Work instructions: Exactly as written and without the pictures, output the entries below.

[Stored items from a collection]

▼▼▼

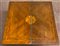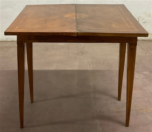 Tavolino da gioco lastronato, intarsiato e filettato in bois de rose con piani centrati da medaglione con fiore. Gambe rastremate (piano chiuso cm 75x73x37) (difetti)
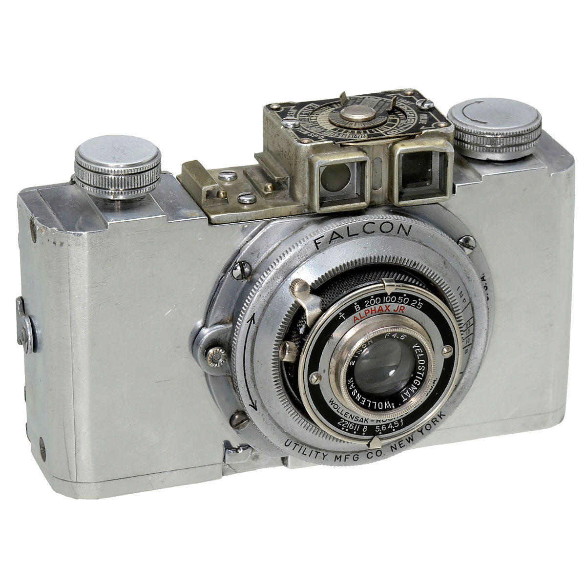 Utility Mfg. Co., New York. The Falcon Special production model has a bakelite body with cast-metal back. The example here is machined from pure aluminum. For 3 x 4 cm exposures, with integrated extinction meter. Wollensak Velostigmat 4,5/2 in. in Alphax Jr.
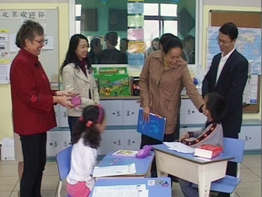 成都市委、市政府副秘書長(zhǎng)李寧參觀融合部教室,與學(xué)生親切交談。
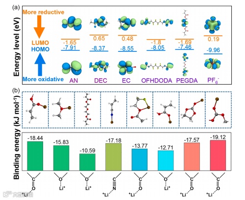图 7. (a) 不同分子的LUMO和HOM能级。(b) Li+与不同分子的结合能以及结合模型。
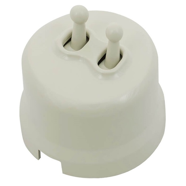 Пластиковый двухтумблерный ретро выключатель накладного исполнения, бежевого цвета, Бирони серия Лизетта. B1-232-211
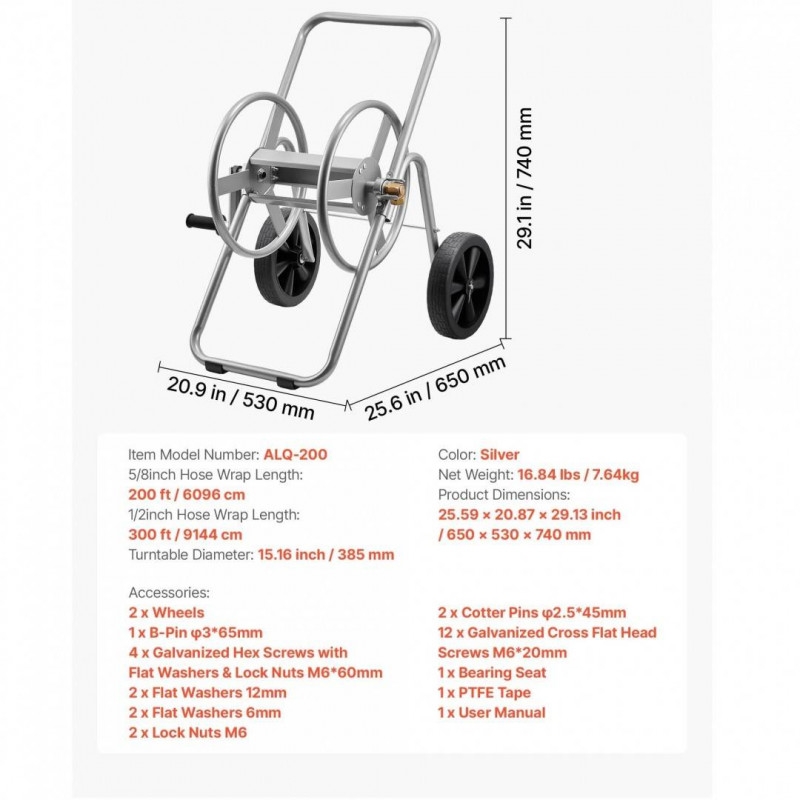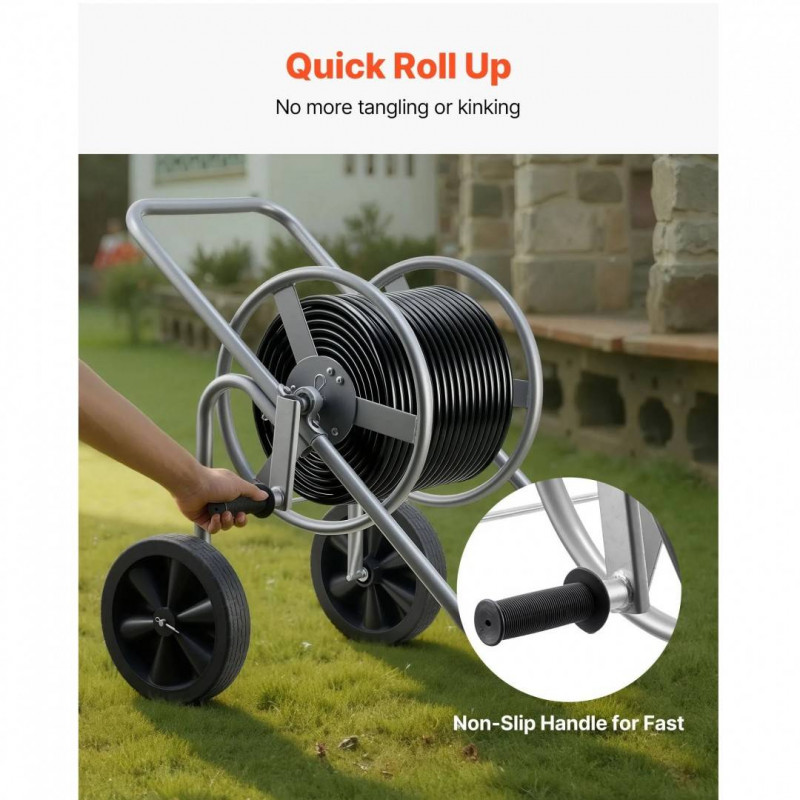centru jos, acest carucior pentru furtun de apa cu roata se misca constant pe

▲▲▲

Response to the task:
 Tavolino da gioco lastronato, intarsiato e filettato in bois de rose con piani centrati da medaglione con fiore. Gambe rastremate (piano chiuso cm 75x73x37) (difetti)
 Utility Mfg. Co., New York. The Falcon Special production model has a bakelite body with cast-metal back. The example here is machined from pure aluminum. For 3 x 4 cm exposures, with integrated extinction meter. Wollensak Velostigmat 4,5/2 in. in Alphax Jr.
 成都市委、市政府副秘書長(zhǎng)李寧參觀融合部教室,與學(xué)生親切交談。
图 7. (a) 不同分子的LUMO和HOM能级。(b) Li+与不同分子的结合能以及结合模型。
 Пластиковый двухтумблерный ретро выключатель накладного исполнения, бежевого цвета, Бирони серия Лизетта. B1-232-211
centru jos, acest carucior pentru furtun de apa cu roata se misca constant pe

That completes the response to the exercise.